### Records for the exercise
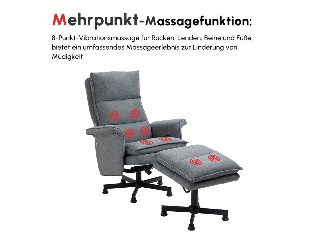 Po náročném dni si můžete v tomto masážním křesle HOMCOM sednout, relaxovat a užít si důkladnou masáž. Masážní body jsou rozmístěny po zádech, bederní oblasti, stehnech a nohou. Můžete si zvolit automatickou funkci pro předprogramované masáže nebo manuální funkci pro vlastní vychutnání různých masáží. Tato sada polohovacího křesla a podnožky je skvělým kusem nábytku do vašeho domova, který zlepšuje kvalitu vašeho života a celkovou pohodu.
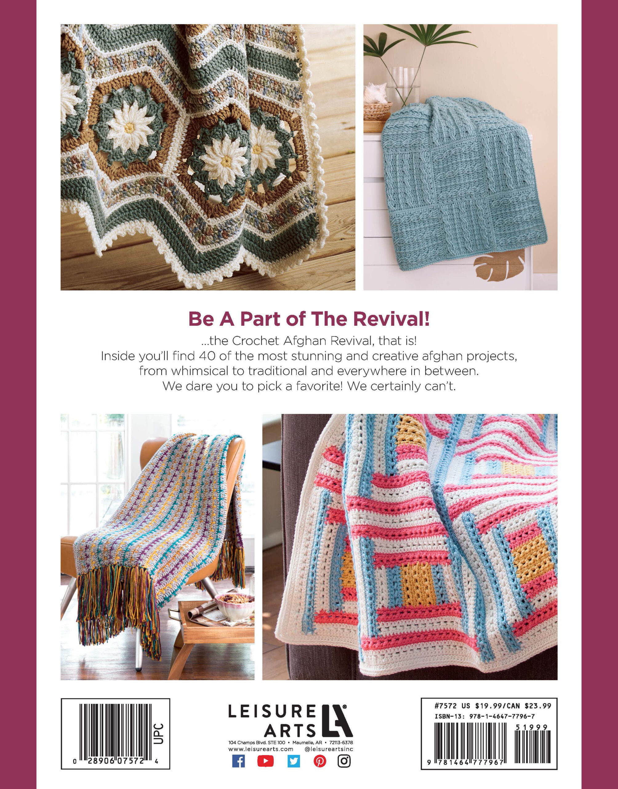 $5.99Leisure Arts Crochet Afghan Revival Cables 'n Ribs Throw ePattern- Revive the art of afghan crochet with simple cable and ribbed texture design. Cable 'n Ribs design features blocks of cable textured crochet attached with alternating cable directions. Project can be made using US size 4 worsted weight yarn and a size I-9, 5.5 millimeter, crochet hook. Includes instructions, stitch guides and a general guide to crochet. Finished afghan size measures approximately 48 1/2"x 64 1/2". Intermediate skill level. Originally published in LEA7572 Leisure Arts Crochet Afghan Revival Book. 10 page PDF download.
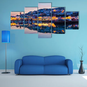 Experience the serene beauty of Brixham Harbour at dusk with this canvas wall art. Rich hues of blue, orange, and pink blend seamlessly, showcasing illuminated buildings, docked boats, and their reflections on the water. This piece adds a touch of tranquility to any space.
* * *
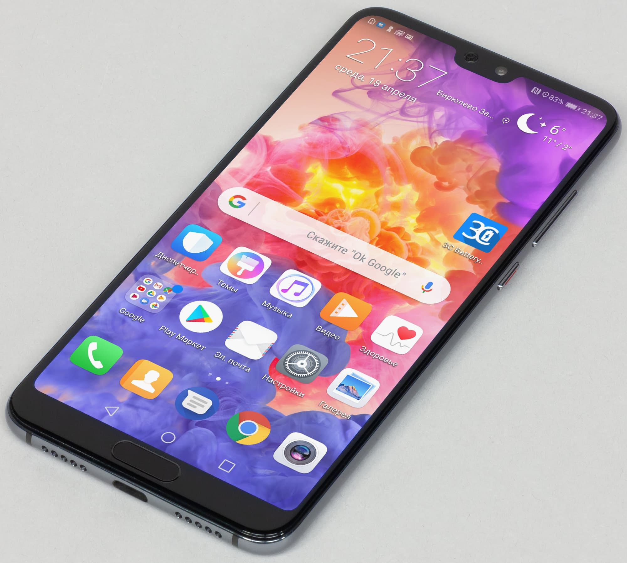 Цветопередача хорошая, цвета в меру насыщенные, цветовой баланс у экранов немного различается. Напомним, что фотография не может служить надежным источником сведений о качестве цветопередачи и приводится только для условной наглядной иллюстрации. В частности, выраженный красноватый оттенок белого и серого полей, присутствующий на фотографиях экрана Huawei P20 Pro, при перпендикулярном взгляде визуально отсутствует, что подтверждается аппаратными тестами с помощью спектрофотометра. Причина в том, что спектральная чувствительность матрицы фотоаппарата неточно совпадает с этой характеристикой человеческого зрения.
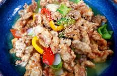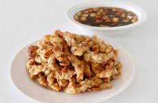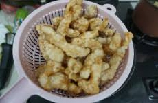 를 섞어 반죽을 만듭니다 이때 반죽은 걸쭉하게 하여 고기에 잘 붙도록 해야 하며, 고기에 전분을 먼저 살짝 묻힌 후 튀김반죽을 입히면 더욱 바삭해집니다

### Task prompt
Above are the records; restate exactly the lines from the one containing "Po náročném dni" through the one containing "Experience the serene", keeping pictures out.

### Response below
 Po náročném dni si můžete v tomto masážním křesle HOMCOM sednout, relaxovat a užít si důkladnou masáž. Masážní body jsou rozmístěny po zádech, bederní oblasti, stehnech a nohou. Můžete si zvolit automatickou funkci pro předprogramované masáže nebo manuální funkci pro vlastní vychutnání různých masáží. Tato sada polohovacího křesla a podnožky je skvělým kusem nábytku do vašeho domova, který zlepšuje kvalitu vašeho života a celkovou pohodu.
 $5.99Leisure Arts Crochet Afghan Revival Cables 'n Ribs Throw ePattern- Revive the art of afghan crochet with simple cable and ribbed texture design. Cable 'n Ribs design features blocks of cable textured crochet attached with alternating cable directions. Project can be made using US size 4 worsted weight yarn and a size I-9, 5.5 millimeter, crochet hook. Includes instructions, stitch guides and a general guide to crochet. Finished afghan size measures approximately 48 1/2"x 64 1/2". Intermediate skill level. Originally published in LEA7572 Leisure Arts Crochet Afghan Revival Book. 10 page PDF download.
 Experience the serene beauty of Brixham Harbour at dusk with this canvas wall art. Rich hues of blue, orange, and pink blend seamlessly, showcasing illuminated buildings, docked boats, and their reflections on the water. This piece adds a touch of tranquility to any space.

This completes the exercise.